Thursday February 28, 2013
Thumbs up to Singapore for disabled-friendly features
By ANTHONY THANASAYAN
The Lion City gets a roar of approval for its many disabled-friendly features.
IT is always very encouraging to note that disabled-friendly facilities are improving and expanding everywhere.
Environmentalist Jeffrey Phang, 57, who had just returned from a weekend in Singapore, was delighted to share with me his wheelchair-friendly encounters down south.
“It has been years since I last visited Singapore. On my recent trip there, I was hoping to get some ideas on how I could introduce more disabled-friendly features in the Kota Damansara community forest,” wrote Phang, who is co-chairman of environmental NGO, Friends of Kota Damansara.
“We initiated wheelchair-friendly designs in 2006 through a small grant. It included a special wheelchair accessible canopy with camping and barbecue facilities, and a sandpit where wheelchair-users can roll over and enjoy nature, too. The funds were used for some initial infrastructure groundwork for a wheelchair-friendly toilet and a pathway into the forest.”
Phang used his recent trip to Singapore as an unofficial “study trip” to see how it could help him integrate better access for the disabled and senior citizens, in the Kota Damansara community forest and elsewhere.
It was an eye-opening experience. His first stop was at a Mass Rapid Transit station in the island city.
“On approaching the station’s entrance, I saw a man on an electric wheelchair coming down a ramp and before I knew it, he had zoomed past me into the nearby supermarket.

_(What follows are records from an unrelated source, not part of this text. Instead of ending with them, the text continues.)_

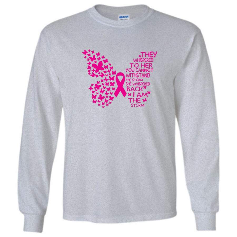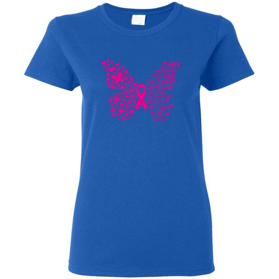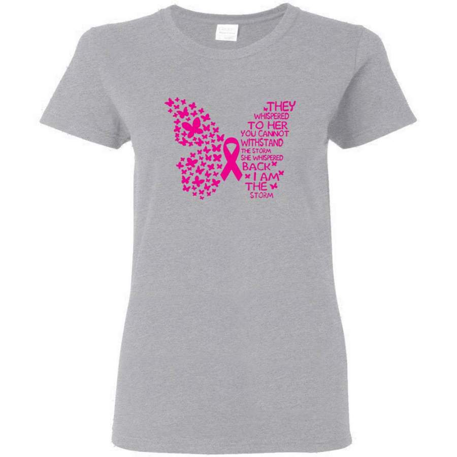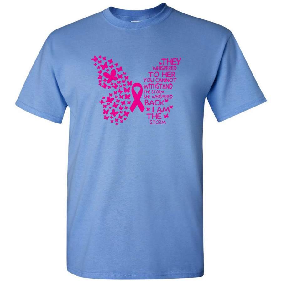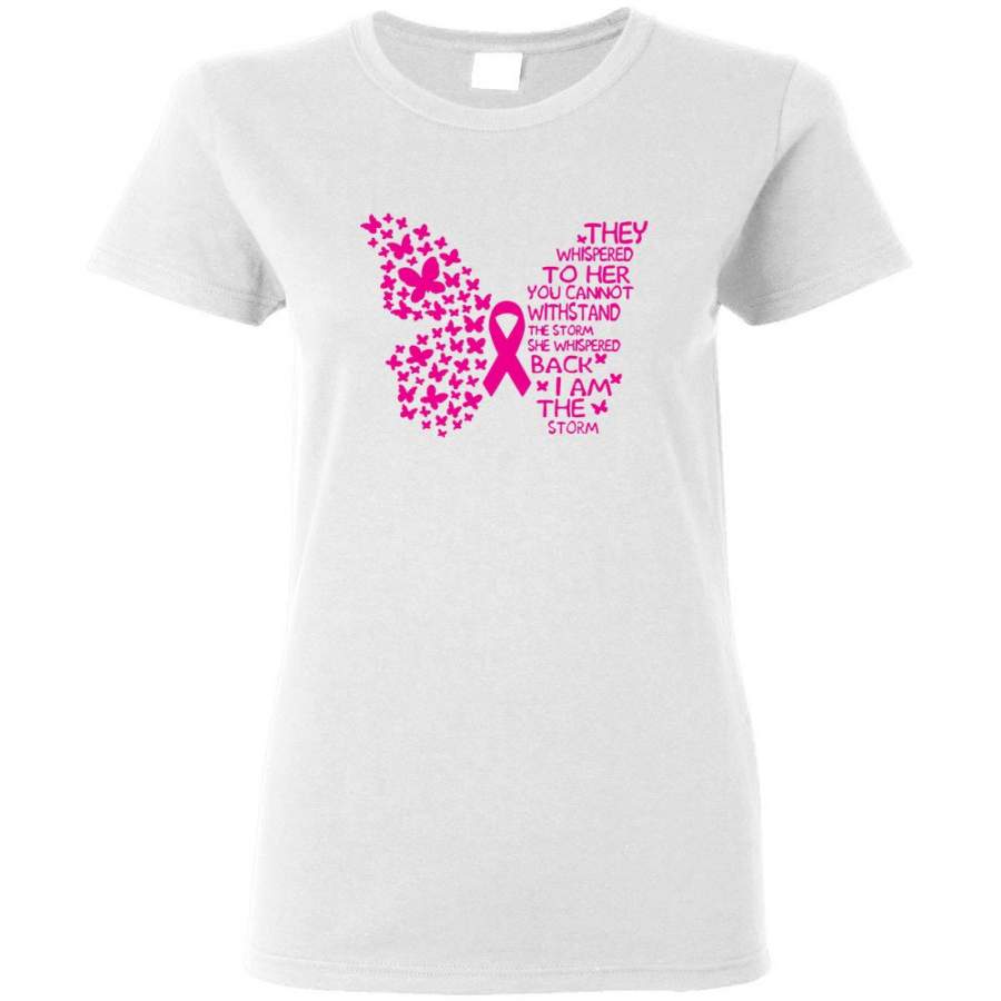 They Whispered To Her You Cannot Withstand The Storm Breast Cancer Awareness Butterfly T Shirt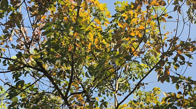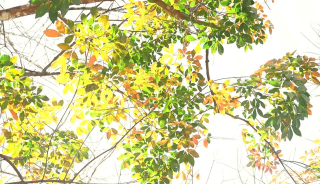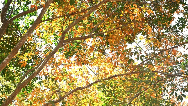 Những tán lá xanh thẫm dần ngả sang vàng, xen lẫn sắc đỏ, sắc cam, rồi lặng lẽ rời cành. Lá rơi không vội, trải thành những tấm thảm mềm dưới gốc cây, kéo dài hun hút theo những con đường đất đỏ bazan quen thuộc.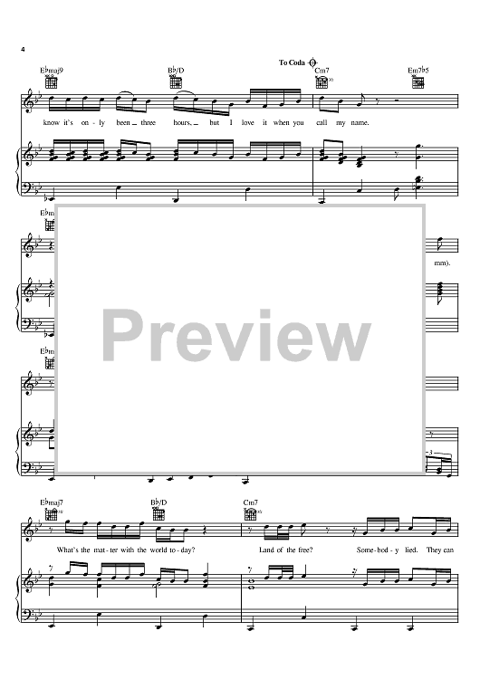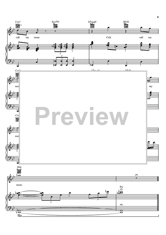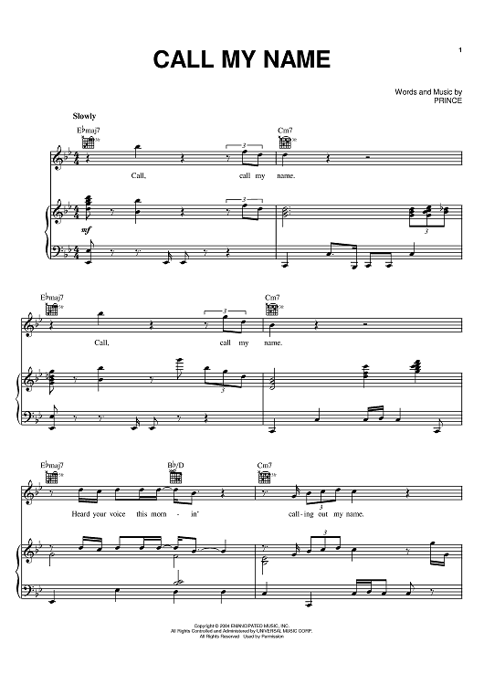 Digital Sheet Music for Call My Name by Prince scored for Piano/Vocal/Chords; id:389694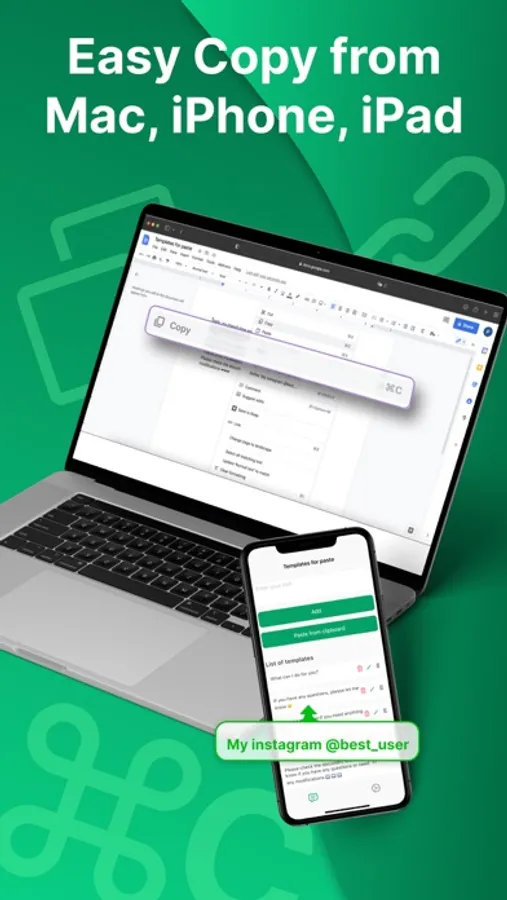 The main feature (uniqueness) of our app is the ability to quickly and easily create text templates for immediate paste on any of your devices: Mac, iPhone, iPad, or iPod.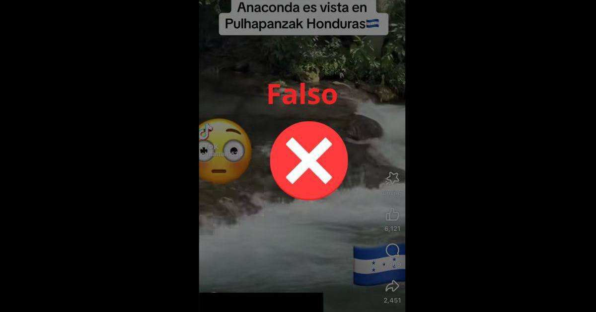 TEGUCIGALPA, HONDURAS.- Es falso que una anaconda fue grabada en un río de Pulhapanzak (en el norte de San Pedro Sula), a pesar de que usuarios así lo afirman en Facebook y TikTok, puesto que la secuencia corresponde a Brasil.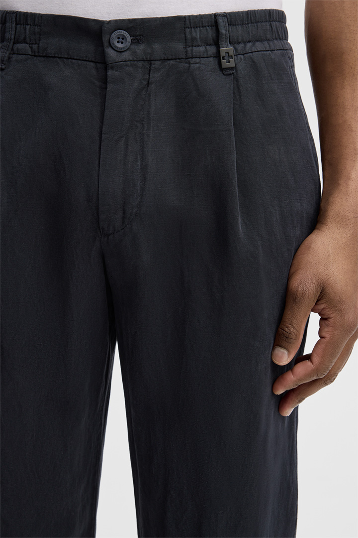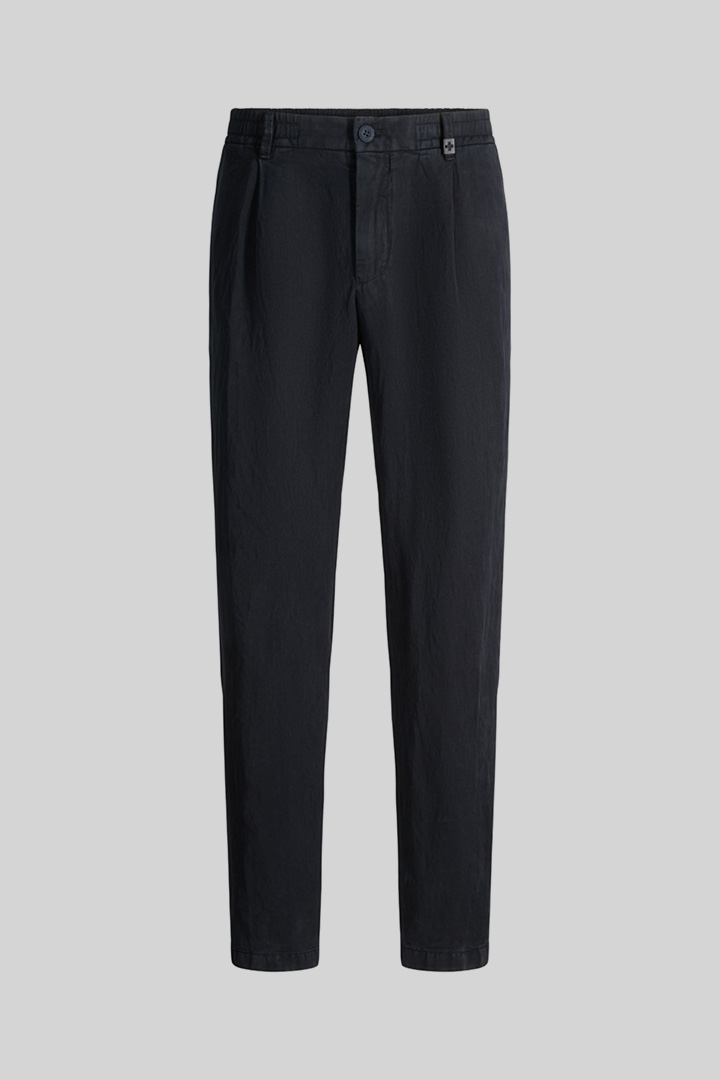 Casual Style für Freizeitlooks und sommerliche Anlässe: die Chino Lui aus Leinenmischung. Die lässige Optik akzentuieren der teilelastische Bund, Leistengesäßtaschen und Bundfalten. Logo-Details runden die Stoffhose modern ab.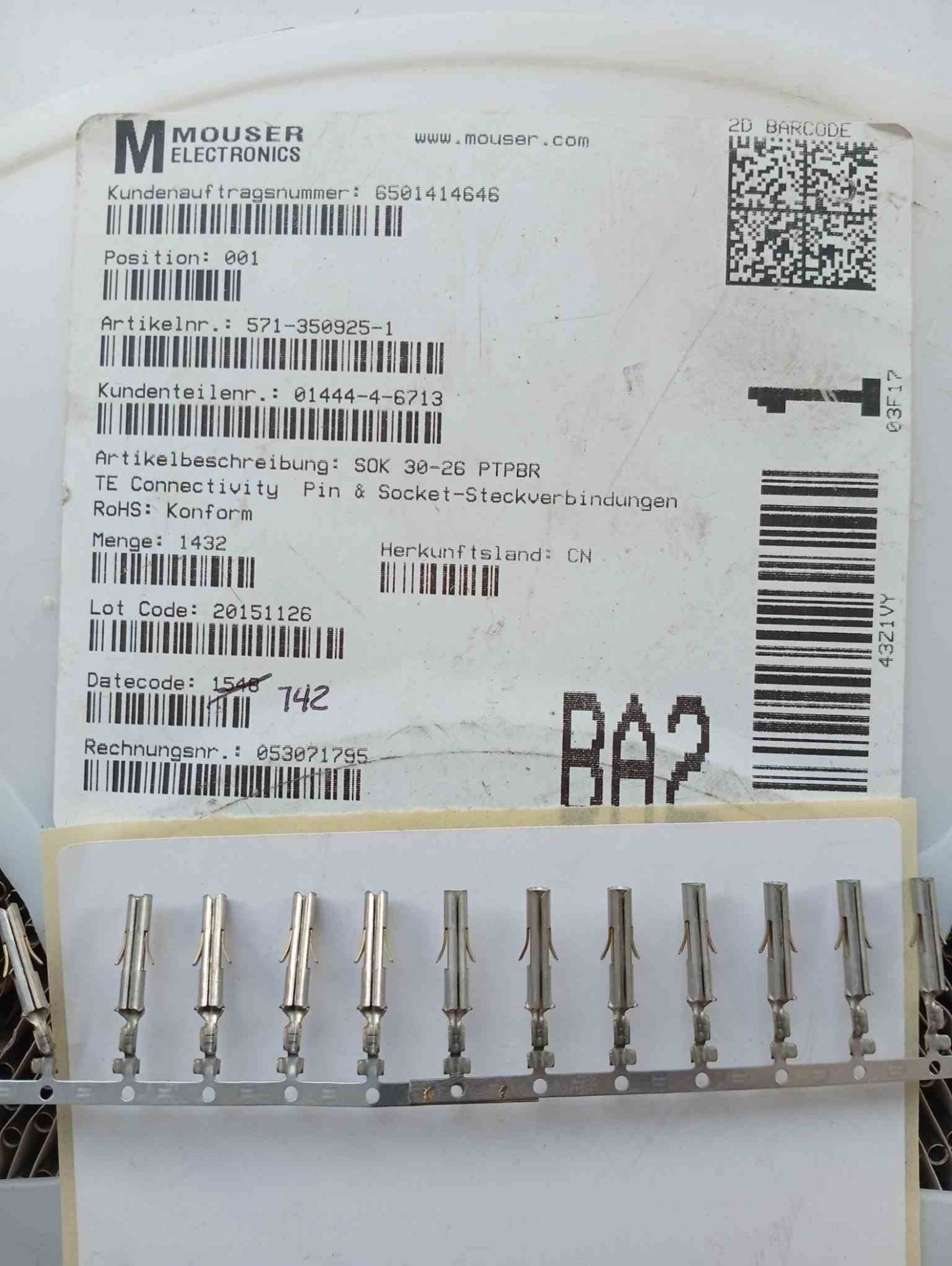 571-350925-1 TEL SOCKET MOUSER SOKET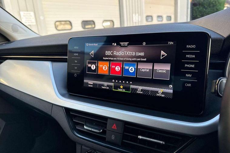 Amundsen satellite navigation with 9.2" glass colour touchscreen display, web radio, voice control and traffic sign recognition, Bluetooth system, E-call, Front assist system, Gesture control, PAS, Service indicator, Speed limiter, Wireless SmartLink for apple car play, android auto and mirrorlink, 8 Speakers, Auxiliary input socket, DAB Digital radio, Body colour bumpers, Body colour door mirrors and handles, Chrome grille surround, Dimming rear view mirror with black surround, Electrically adjustable and heated door mirrors, Front and rear electric windows, Headlight range control, Heated rear window, LED rear lights - low functionality, LED third brake light, Light sensors, Privacy glass, Rain sensor, Rear fog lights, Rear side wing doors, Rear wiper, 12V Accessory socket in centre console, 3 seat bench in 2nd row, Chrome inner door handles, Cloth upholstery, Front head restraints, Glove compartment with illumination, Height adjustable driver and front passenger seats - manual, Ice scraper, Isofix child seat fittings on outer rear seats, ISOFIX on front passenger seat, Manual lumbar support for front seats, Rake/reach adjustable steering wheel, Reading lights, Single front passenger seat, Sun visors with illumination on front passenger, Textile floor mats, Third rear headrest, Top tether for front passenger seat, Umbrella in driver's door, 3x3 point rear seatbelts, Airbags - driver and front passenger, ESP, Front passenger airbag deactivation switch, Front side airbags with curtain airbags, Hill hold control, Manual parking brake, Manual rear child locks, One tone horn, Rear disc brakes, Seatbelt reminder for driver an co-driver, Traction control, Tyre pressure monitor, Anti-theft alarm system with interior monitoring, backup horn, towing protection and remote central locking with SAFE system, Anti-theft wheel bolts, Electronic engine immobilizer, Silver haptic decorative insert on the dashboard with hot stamping in glossy black,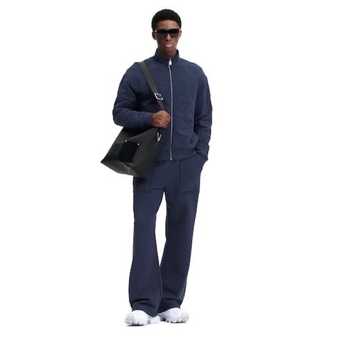 Este pantalón deportivo, confeccionado en suave punto de algodón orgánico, se realza con sofisticados logotipos Monograma con efecto grabado en los bolsillos. La pieza presenta un cordón ajustable en la cintura, y luce un atemporal tono azul marino, fácil de combinar con distintos estilos en todas las temporadas. La prenda puede combinarse con la chamarra a juego para crear un conjunto refinado, ideal para viajar.

“I was impressed at the way people with restricted physical conditions could move about with incredible speed in their powered wheelchairs,” said Phang, who is associate professor at Tunku Abdul Rahman University (UTAR) in Kajang, Selangor.
“The ticketing machines have buttons low enough for wheelchair passengers to reach without asking anyone for assistance. There is a special entrance lane for them that is wider and clearly marked with a wheelchair logo.
“The touch-screen system is a great help as users do not have to fumble about to get a slim card into a slot.”
Phang was pleased to see stainless steel guiding blocks built into the highly polished floor inside the building.
“It is a brilliant combination of aesthetic beauty and functionality for the sighted and the visually impaired.
“The guiding blocks lead all the way to a lift which is clearly marked for the elderly and the disabled. All other passengers have to use the escalators.”
Here are more of Phang’s observations:
> Low glass protective barriers at the entire length of the arrival platform of trains to prevent wheelchairs from accidentally falling onto tracks whilst waiting near the edge. The barriers are synchronised with the trains’ doors and open together.
> The gap between the train and the platform is hardly noticeable, providing smooth access for wheelchairs to get into the train. Inside, there are clear signs of all the train stops in green lighted circles, while the current stop is in red. Deaf passengers have LED displays with rolling messages that constantly keep them informed of audio announcements. Which door will open when the train arrives at each destination is clearly indicated with blinking lights. Blind passengers are guided by clear announcements.
> Seat rows are designed to accommodate wheelchairs.
> Toilets in VivoCity shopping complex have sliding doors with soft-touch electronic buttons at the right wheelchair users’ level, and a spacious layout with universal design specifications.
> Visitors with walking difficulties have various options at the Singapore Zoo. Young children who need a pushchair or elderly persons who cannot walk long distances, can hire a battery-driven vehicle. Even a physically disabled person can steer themselves around the zoo.
Phang said his trip made him realise how important it is for everyone to start including disabled-friendly features in the planning stage rather than later when it can be costly.
He pointed out that it is regretful that the people – the disabled, elderly and the poor – who need such facilities are the ones who do not get them.
“As for the Kota Damansara forest reserve, it’s time for everyone to realise that nature also belongs to the elderly and the disabled. We realised this when we brought the blind, wheelchair users and special needs children to the forest. A lot more needs to be done to make the forest accessible for everyone.
“In any case, in an aging society, more people will become disabled or less able. If we ignore the issue of accessibility today, we will reap the fruits of our apathy when we get locked out of society in our old age. We will only have ourselves to blame when that happens,” Phang concluded.